Question

Find the maximum area of the triangle inscribed in a semi-circle having radius 10 cm.
A. 10
B. 50
C. 100
D. 200

Answer 1

Hint: We will first draw as given and see that the base will be equal to diameter of circle and height equal to the radius and then put in these values in the formula of area of the triangle and get our answer.

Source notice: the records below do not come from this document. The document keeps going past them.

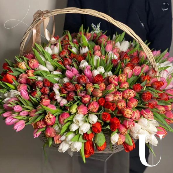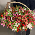 Композиция из кустовых пионовидных роз сортов Мисти Бабблз и Мисс Бомбастик в корзине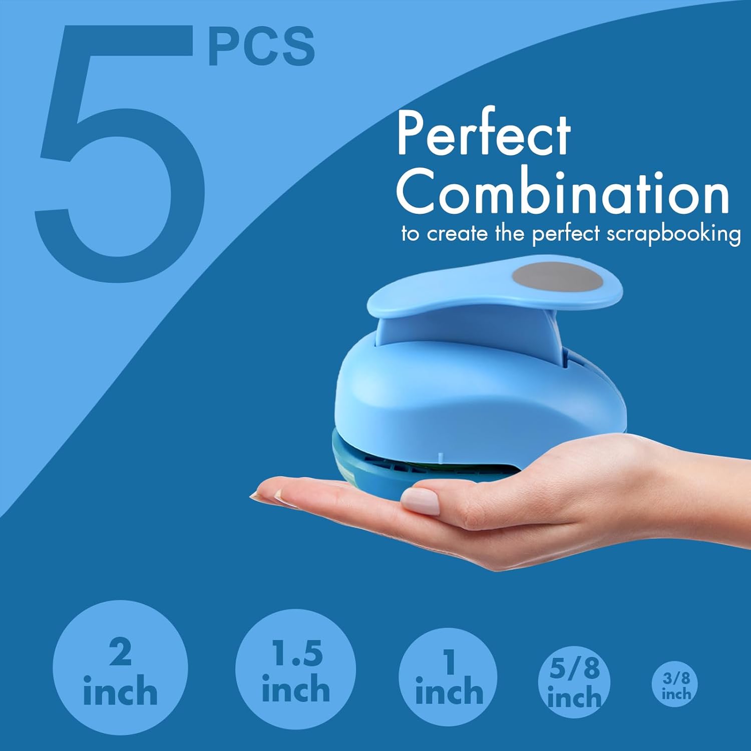 - 5 DIFFERENT-SIZE CIRCLE PUNCHES: This set of circle punches comes with five different sizes. The punch-out sizes are 2 inch, 1.5 inch, 1 inch, 5/8 inch, and 3/8 inch. It can help you create circle shapes for scrapbooks, photo albums, and other craft projects.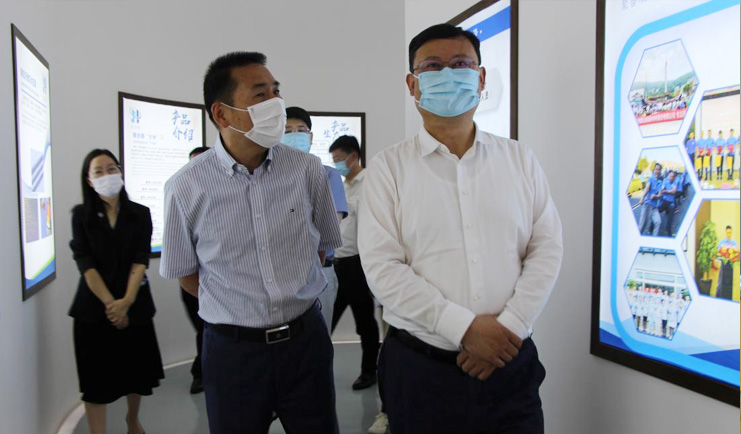 金书记一行参观企业展厅中心时,详细了解我司技术创新、产品应用、市场推广和产业链动态等情况,仔细询问企业当前防疫措施和今后发展规划等问题。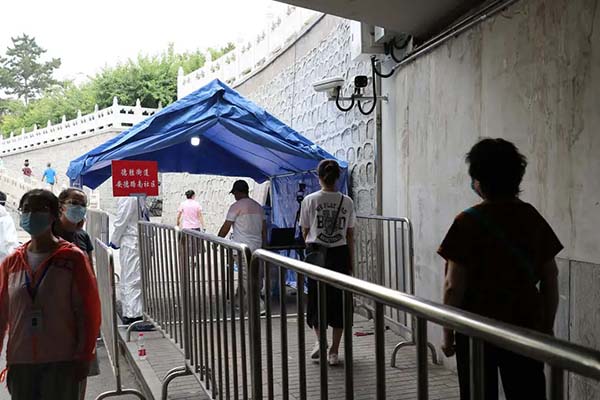 在工作人员的引导下,居民秩序排队, 有序进入检测点。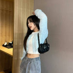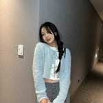 KOREAN COLLECTION 2501 圆领毛绒短款开衫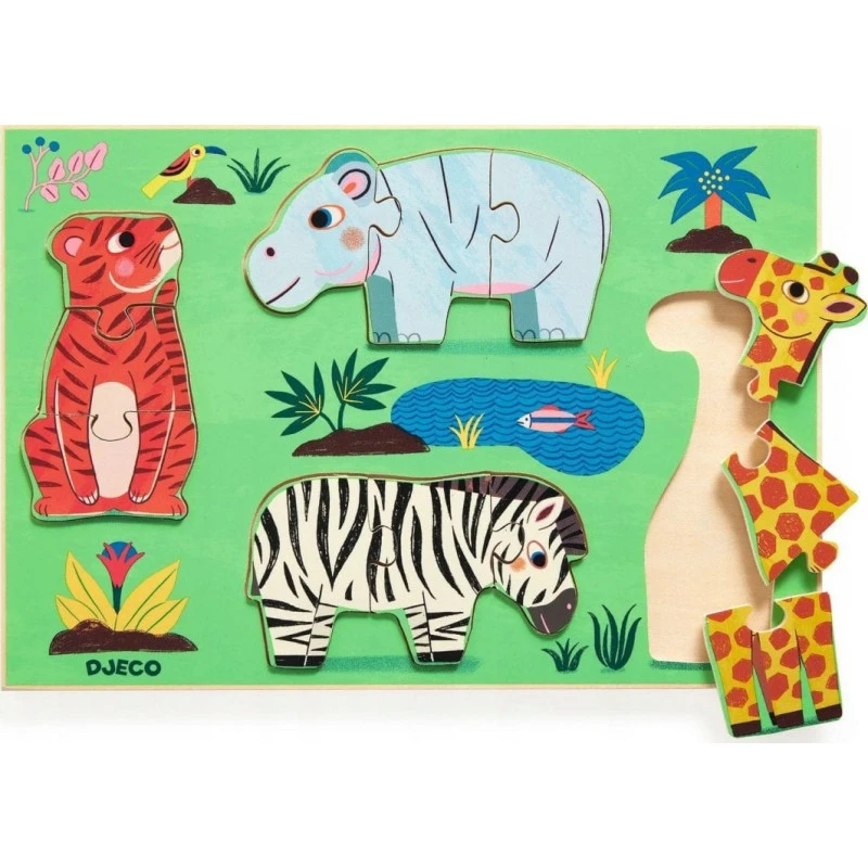 Découvrez le puzzle Coucou Tigre de Djeco, un puzzle à encastrer en bois sur le thème des animaux de la savane pour les enfants dès 18 mois.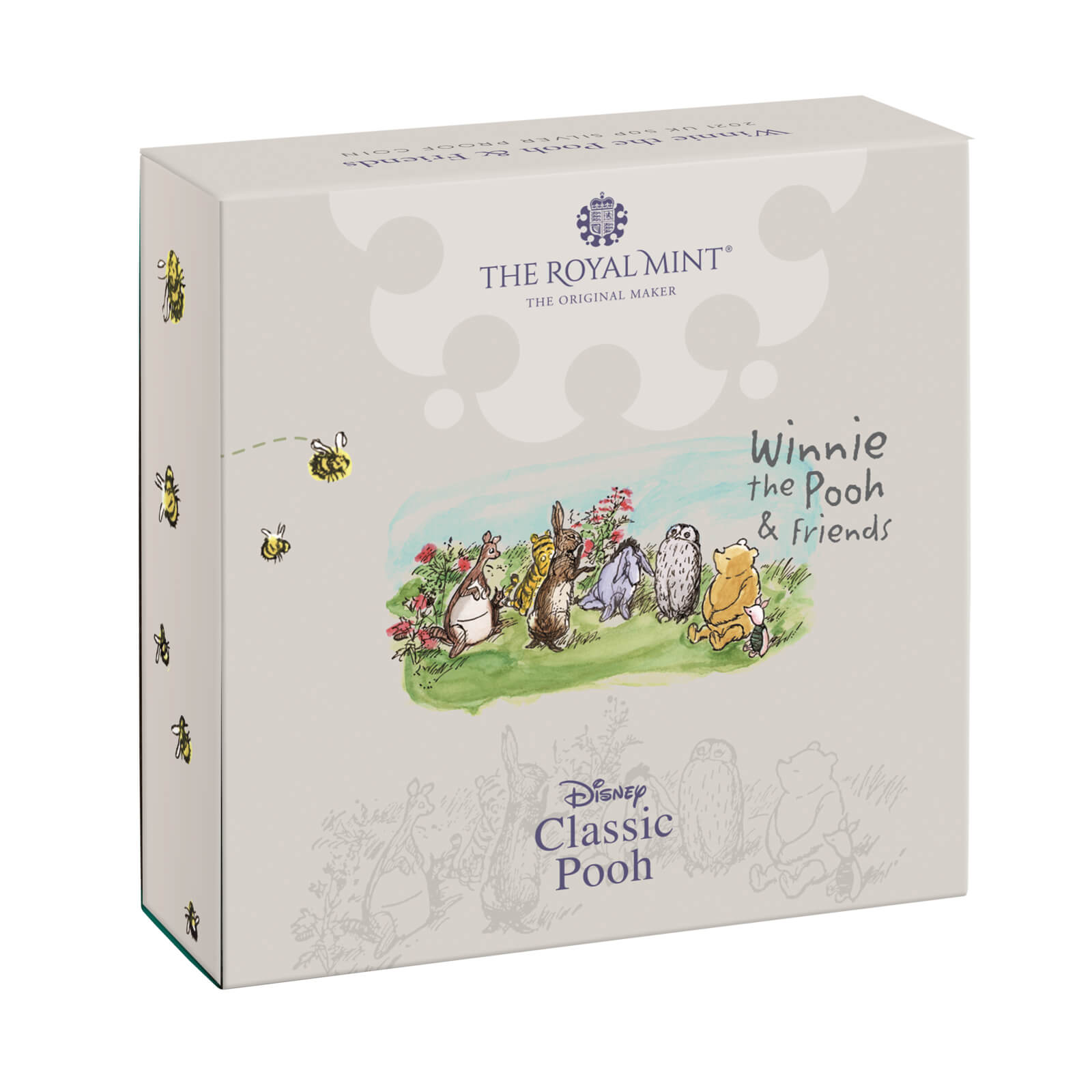 The first coin in the series for 2021 celebrates the 95th anniversary of the first publication of Winnie-the-Pooh, with the inhabitants of the Hundred Acre Wood pictured together for the festivities. The coin is inspired by the classic stories of A. A. Milne, whilst colour printing brilliantly captures E. H. Shepard’s charming illustration style and watercolour effect. A friendly bee connects all the coins in the collection, buzzing from one scene to the next.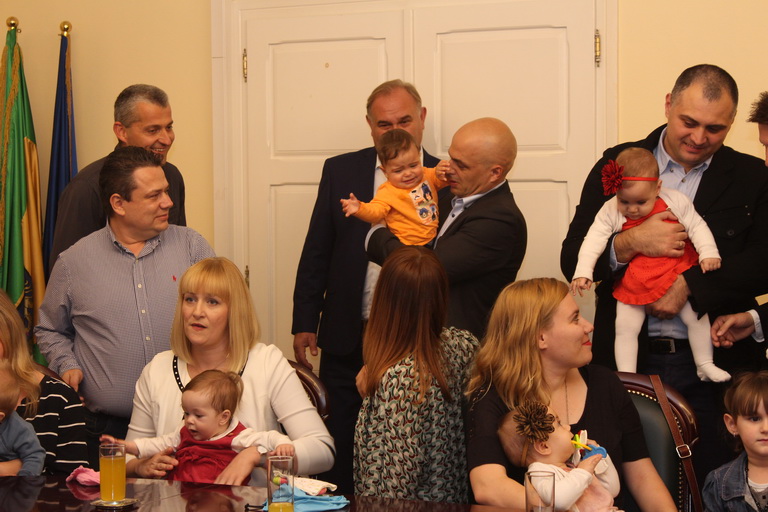 Dječji glasovi i plač često nadjačaju glas gradonačelnika, a svoje prve čestitke najmlađima izrekao je požeški gradonačelnik Darko Puljašić, zaželjevši im sretno djetinjstvo i lijepo odrastanje u Gradu prijatelju djece te najavio da će se već kod slijedećeg prijema najmlađih stanovnika u gradu Požegi dječji vrtić u potpunosti otvoriti. Dobrim željama su se pridružili dogradonačelnici Mario Pilon i Ferdinand Troha.

Complete step-by-step answer:
Let us first draw as given in the question:-

               

We see that AC will be a chord of the circle.
We need to maximize the area of the triangle and the area of a triangle is given by $A = \dfrac{1}{2} \times base \times height$.
If the base and height of the triangle are maximum, the area will be maximum as well.
Now, coming back to the saying that AC is a chord. The chord can take maximum length if it is a diameter, because diameter is the longest chord of a circle. Hence, the base is equal to the diameter of the circle.
Since radius is equal to 10 cm. and diameter is twice the radius.
Hence, the diameter of the circle is 20 cm.
So, take base = 20 cm. in the formula required.
Now, if we draw perpendicularly from center to the end of the circle, it will always be equal to radius.
Hence, height = 10 cm.
Putting these values base = 20 cm and height = 10 cm in the formula for area of a triangle that is: $A = \dfrac{1}{2} \times base \times height$. We will get:-
$A = \dfrac{1}{2} \times 10 \times 20 = 10 \times 10 = 100c{m^2}$.
Hence, the maximum area can be 100 square cm.

So, the correct answer is “Option C”.

Note: The students must note that they cannot use the base as diameter without showing that it will lead to the maximum area.
Fun Fact:- If we notice that the area of a triangle is half the area of a rectangle, it is because if we divide a rectangle in two triangles, we will get an area of two triangles.